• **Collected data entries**
"""
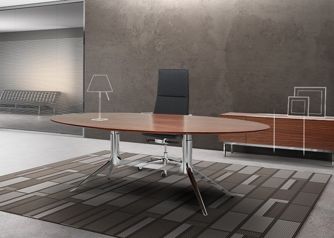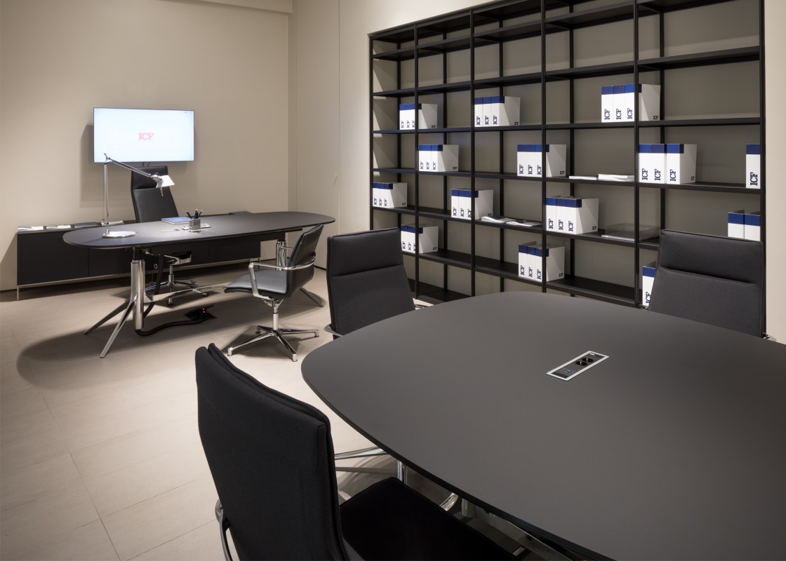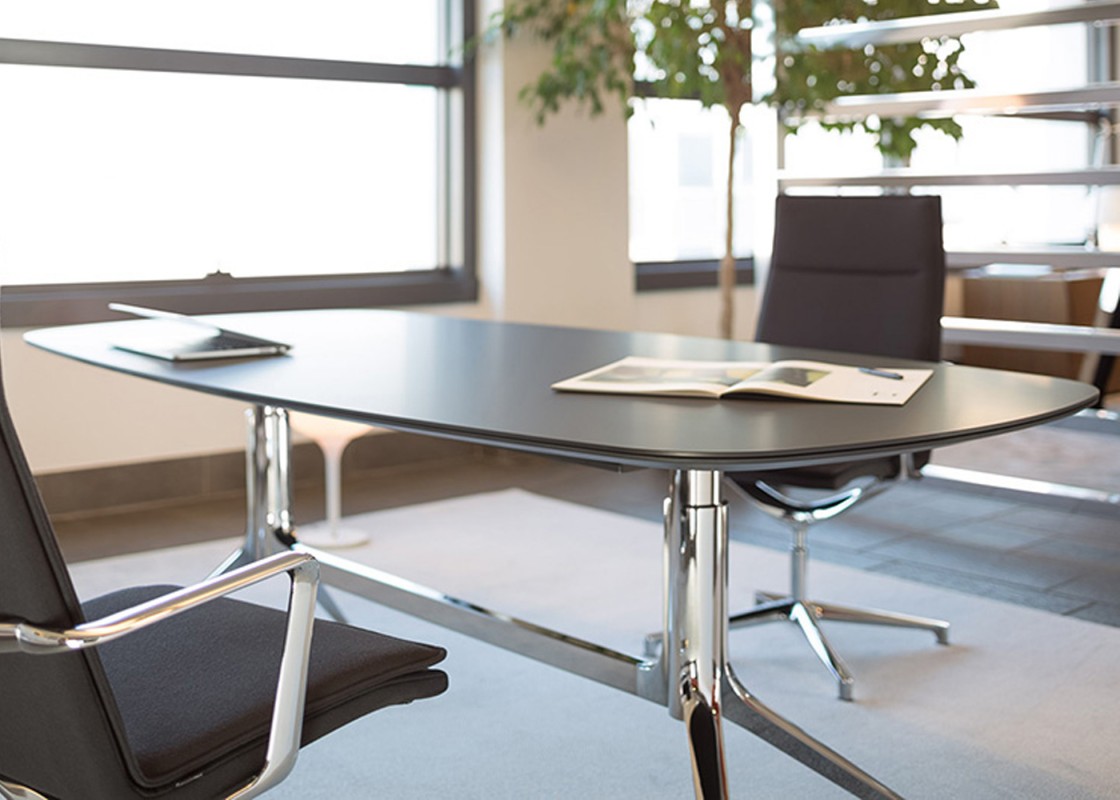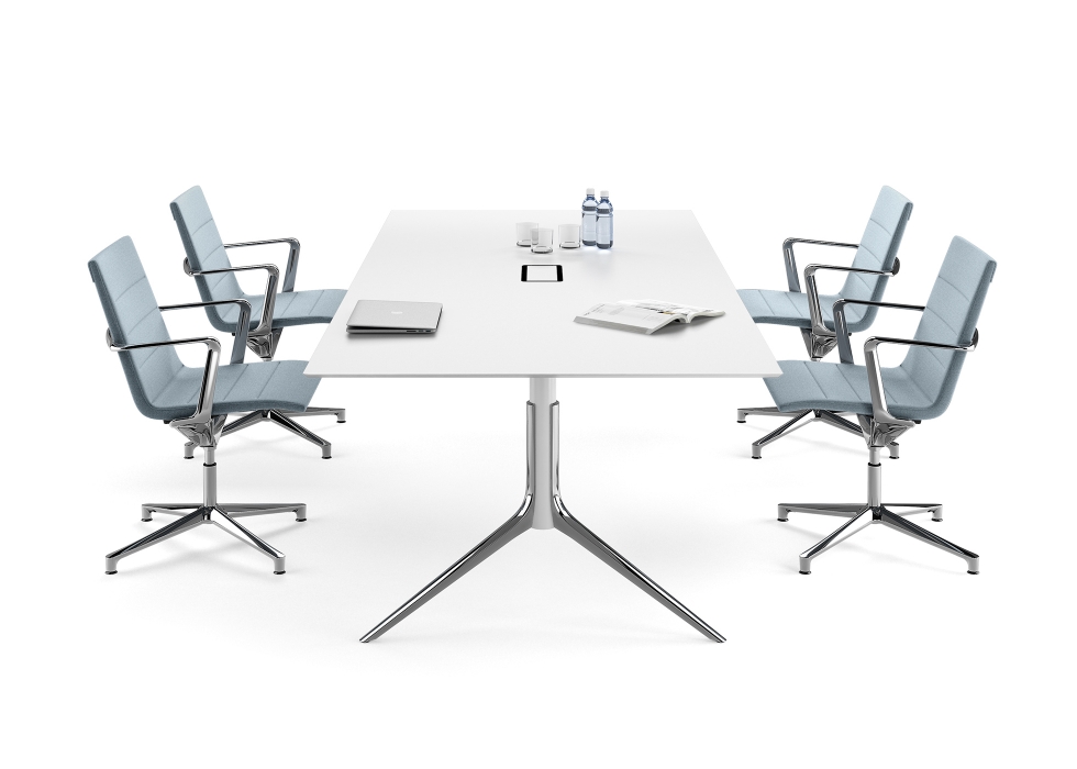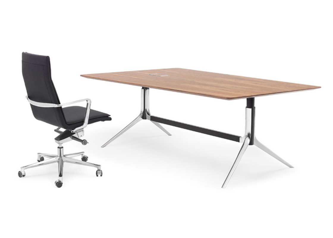 Every detail of NoTable speaks of subtle sophistication embodied by apparent simplicity. Die-cast aluminium legs stem dynamically from the floor to give the table its remarkable lightness. The legs are attached to a tubular vertical frame with an adjustable inclination that showcases the discrete yet high level engineering of NoTable. NoTable is a system that can assume a myriad of configurations. It can be an efficient and elegant single desk, or become a large table, designed to meet the need for modern areas where work groups can operate.
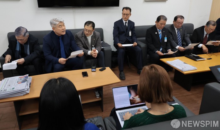 [서울=뉴스핌] 이길동 기자 = 김진향 한반도평화경제회의 의장(왼쪽 두번째 )등 남북경협기관·단체장들이 14일 오후 서울 종로구 정부서울청사 통일부 기자실을 찾아 '남북경협 기관·단체 남북관계 신뢰회복-평화복원' 기자회견을 하고 있다.2026.01.14 gdlee@newspim.com
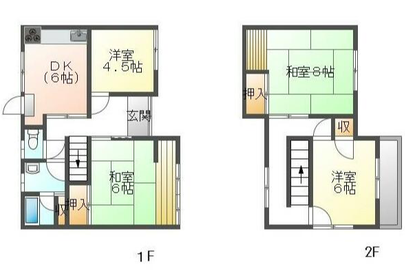- DK6帖、洋室6帖、洋室4.5帖、和室8帖、和室6帖
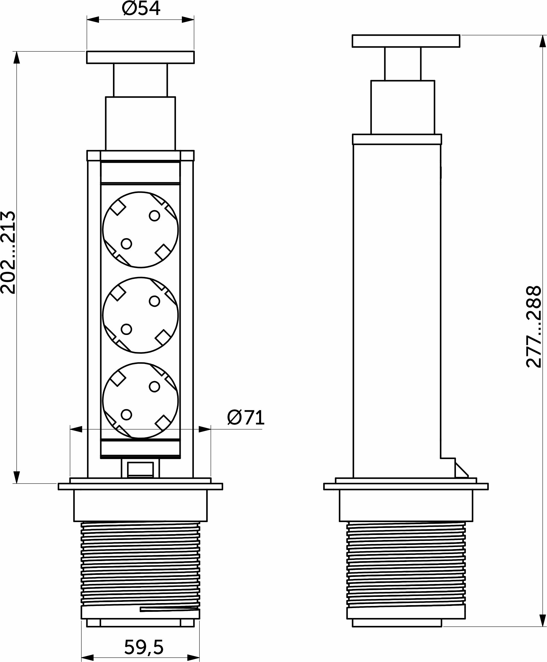 Выдвижной удлинитель Vulcan, 60 мм, 3 розетки, крышка металл, шлифованная сталь, AKS
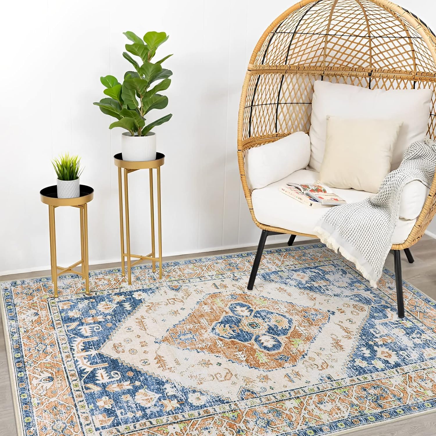 - Oriental Design: The indoor rug is made of comforable chenille material, which is lightweight, soft and stain resistant in daily use. Classic colors with elements of medallion and borders make your room vintage and vibrant
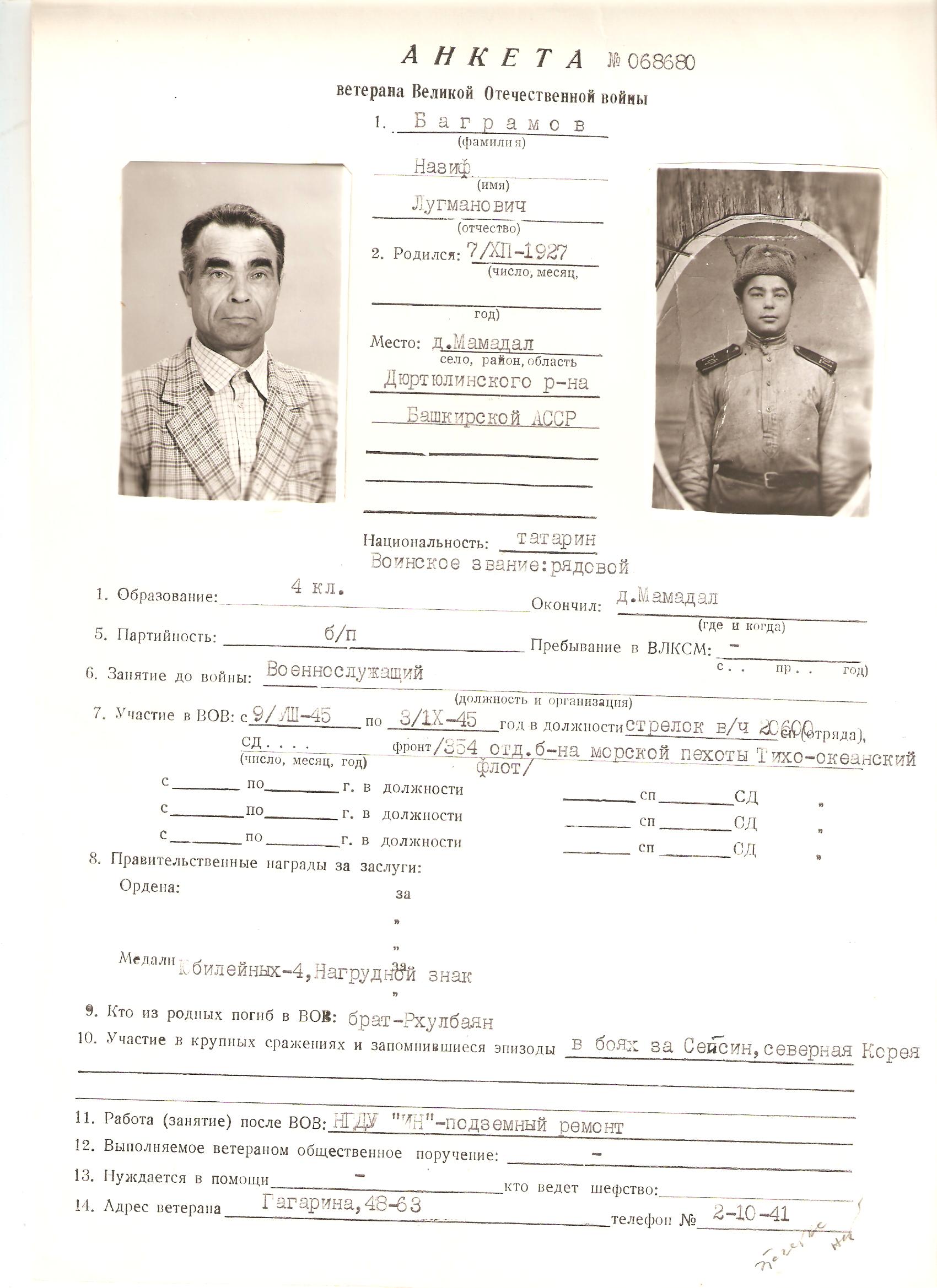 Призван 18.11.1944г. Дюртюлинским РВК, Башкирская АССР. В Великой Отечественной войне участвовал с августа по сентябрь 1945 года. Воинское звание красноармеец стрелок. Воинская часть 354 отдельный батальон морской пехоты Тихоокеанский флот.
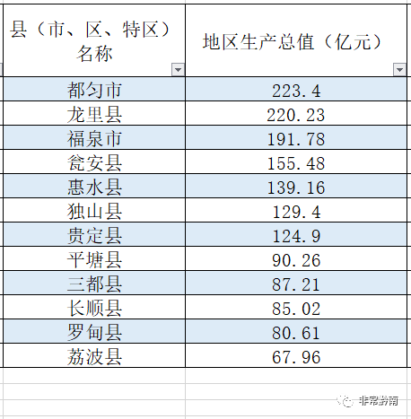 2021年2月18日,貴州省統(tǒng)計(jì)局發(fā)布了《2020年全省縣域經(jīng)濟(jì)回穩(wěn)向好》一文,其中包含了全省2020年88個(gè)縣地區(qū)生產(chǎn)總值。其中黔南情況如下:
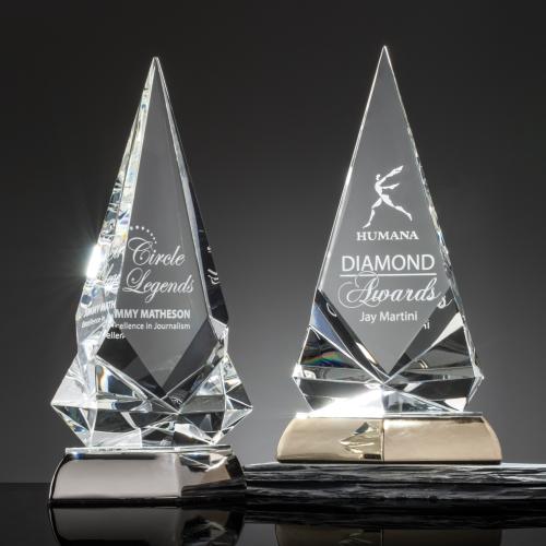 The Exalt is an extraordinary spear of optic crystal with deep cut bevels to form this exquisite sculpture. When light strikes its surface the thick and thin bevels create a rainbow glow. The award is mounted to a mirror topped, brightly plated silver or gold cast metal base.
"""
• **YOUR INSTRUCTIONS**
Please repeat, exactly as written, the lines in the records above, starting with the one that has "- DK6帖、洋室6帖、洋室4.5帖、和室8帖、和室6帖" and going on through the one that has "Призван 18.11.1944г. Дюртюлинским". Pictures are to be left out.

• **RESULT**
- DK6帖、洋室6帖、洋室4.5帖、和室8帖、和室6帖
 Выдвижной удлинитель Vulcan, 60 мм, 3 розетки, крышка металл, шлифованная сталь, AKS
 - Oriental Design: The indoor rug is made of comforable chenille material, which is lightweight, soft and stain resistant in daily use. Classic colors with elements of medallion and borders make your room vintage and vibrant
 Призван 18.11.1944г. Дюртюлинским РВК, Башкирская АССР. В Великой Отечественной войне участвовал с августа по сентябрь 1945 года. Воинское звание красноармеец стрелок. Воинская часть 354 отдельный батальон морской пехоты Тихоокеанский флот.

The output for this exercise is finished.